If you don’t want to change anything, you also lose what you already have. (Professor Nagel)
The following story really has absolutely nothing to do with living initiators, “clearinghouses”, underwriters and brokers. similarities with still living or already insolvent parties would be purely coincidental and are in no way intended here. For the entrepreneur, the following applies: “Anyone who relies on pledging and trust models for insolvency protection of company pension schemes, partial retirement or working time accounts is, in case of doubt, looking down the proverbial stovepipe into the Bavarian foothills of the Alps”. Who does not want to recognize these risks in the supply, loses in the case of emergency, what he already has – namely everything ! If you don’t believe this, just read the report of the German Bundestag (Petitions Committee) from 2005, and the files at the insolvency court.
Pledge model as insolvency protection lie?
There is talk of a huge need for advice in the occupational pension market. The pension commitment is often not “fully funded” – later the insolvency administrator collects the complete reinsurance, as the BGH has allowed. The strategic error in the insurer’s legal department was simply to conceal the potential for damage to the executive to be covered. Meanwhile the agent – himself only a salesman trained according to the sales advertisement – had lulled the managing director into security: “the pledge is insolvency-proof” – With nichten ! The insolvency administrator “calculates”: Social benefit II is on the cards, dear entrepreneur – 0.0 euros are left over from your reinsurance with life insurance and pension. The protection of an occupational pension scheme for the entrepreneur in insolvency is (unfortunately?) not widely accepted in Germany. No legal regulation protects the standard of living – this is felt by over 35,000 entrepreneurs in insolvency every year, as can easily be seen from the pages of the Federal Statistical Office (www.destatis.de).
Domestic solution?
The solution does not always have to be domestic – a look at dissertations makes it easier to find the right solution: via foreign countries, insolvency protection costs a little more, compared to life insurance in Liechtenstein, which is not always protected against insolvency. The prices vary from “from 2000 Euro” to “not less than 1%” for the installation – after that a wide field opens up, because it can cost many times more. The layman thinks that the (wealthy) Germans move their money abroad to evade taxes – a sport that is widespread in one way or another. But that’s not what it’s about: it’s about bare existence, the “nest egg”. Who likes to go to the welfare office when the company is suddenly broke?
Trust models?
Resourceful “experts” have come up with a new sop, the double trust, also called the CTA model (Contractual Trust Arrangement). This is a model which works in the USA under the legal conditions there, but which involves a number of risks when transferred to Germany. This is intended to remove capital and provisions for occupational pensions from the balance sheets in the USA, which is not possible in Germany anyway under the German Commercial Code. Also, creditor protection in Germany has a much broader scope than in the US – and this has implications. The apparent security lies in the fact that the employer/entrepreneur agrees a “management trust” with a trustee – in insolvency, the new boss in the ring here later will be the insolvency administrator. In addition, there is then a “security trust”: the trustee also concludes an additional contract with the employee or manager. Even that is practically useless when it comes to the “big bang”. If you plot or draw it out – a triangular relationship. And where does the trustee stand: Well in the middle, more precisely in the conflict of interest. This will be discussed later, because the model is probably a “pre-programmed failure”, and for the perhaps unsuspecting intermediary the “super disaster, a liability bomb – usually without insurance cover”. But first of all about the supposedly “safe” double trust: If the company becomes insolvent, the insolvency administrator will want the money from the trustee, and so will the employee/manager. One has the money, two want it.

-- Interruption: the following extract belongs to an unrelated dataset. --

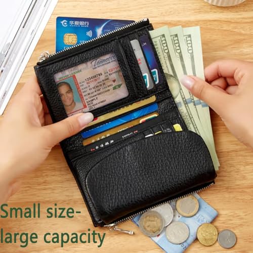 HOT ! Unisex Pebble Leather Wallet,Short Slim Soft Genuine Leather Purse with Credit Card Holder & Cash Slots,Full Grain Small Compact Bifold Pocket Coin Purse,Multicolor Zipper Coin Holder(Black+red)
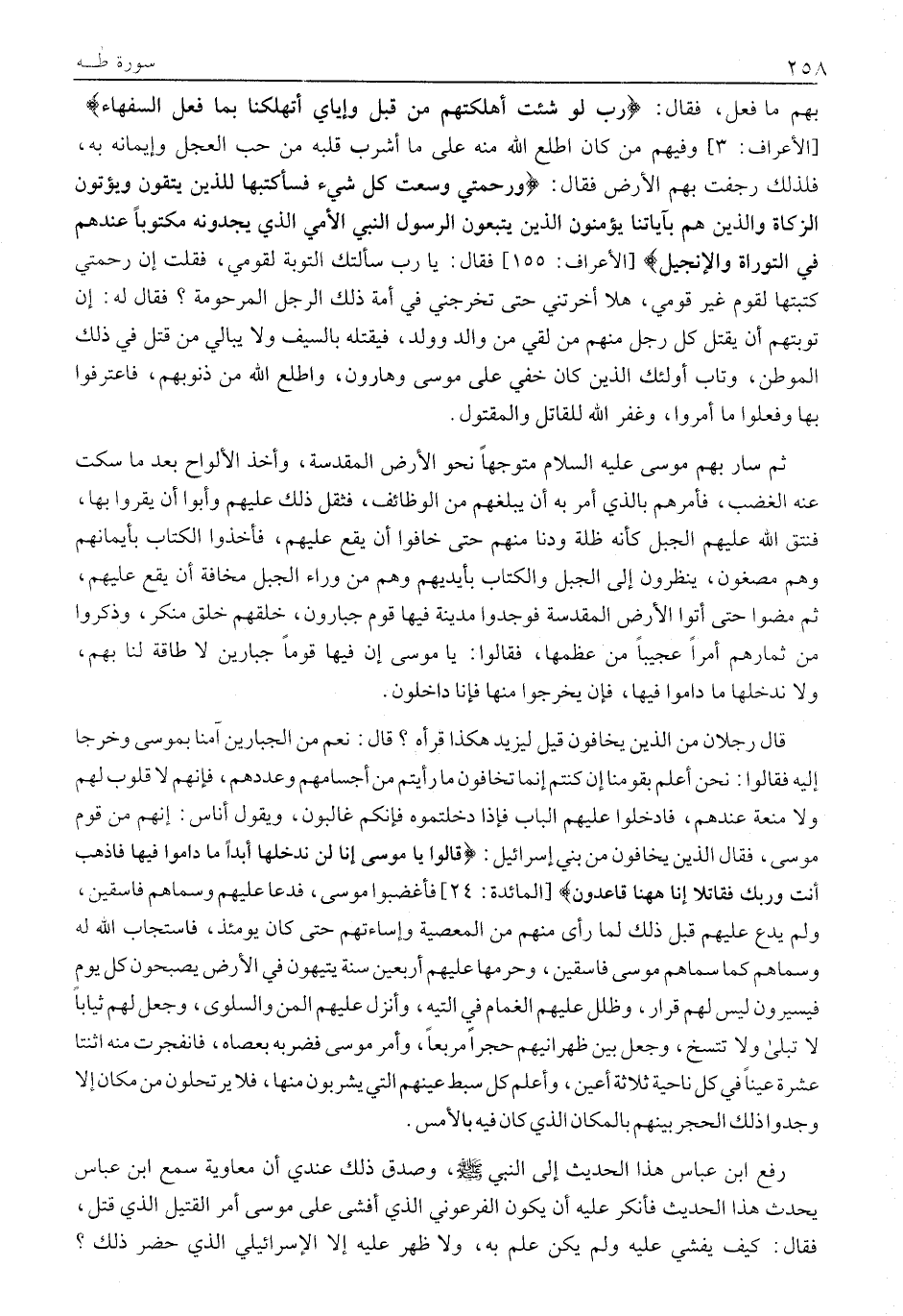 رَفَعَ ابْنُ عَبَّاسٍ هَذَا الْحَدِيثَ إِلَى النَّبِيِّ صَلَّى اللَّهُ عَلَيْهِ وَسَلَّمَ، وَصَدَّقَ ذَلِكَ عِنْدِي أَنَّ مُعَاوِيَةَ سَمِعَ ابْنَ عَبَّاسٍ يُحَدِّثُ هَذَا الْحَدِيثَ فَأَنْكَرُ عَلَيْهِ أَنْ يَكُونَ الْفِرْعَوْنِيُّ الَّذِي أَفْشَى عَلَى مُوسَى أَمْرَ الْقَتِيلِ الَّذِي قَتَلَ، فَقَالَ: كَيْفَ يُفْشِي عَلَيْهِ وَلَمْ يَكُنْ عَلِمَ بِهِ، وَلَا ظَهَرَ عَلَيْهِ إِلَّا الْإِسْرَائِيلِيُّ الَّذِي حَضَرَ ذَلِكَ

No one can access the money from the pension scheme and the ZWK:
The practice is that nobody gets it: the trustee will simply deposit it according to the motto “let the insolvency administrator argue with the employee/managing director”. The ex-managing director will feel cheated, since the model was sold to him as absolutely insolvency-proof. After all, he had waived his salary for years – and paid trustee fees, as well as something for the bad advice. Wasn’t there this fine sales document – from the time value account provider and the insurer? So now it’s welfare’s turn after all (for now?)? Employees/managers are blindsided when they are told by their lawyer: “The conceptionist has deceived you. It is forbidden under professional law for both a StB trustee and a RA trustee to be active in a collision. As a practical matter, you paid the expensive fiduciary fees even though it was clear from the outset in law that the fiduciary would be liable to prosecution in the event of insolvency.” The secure trust was nothing more than a sales gimmick from the beginning.
unserious conceptionist?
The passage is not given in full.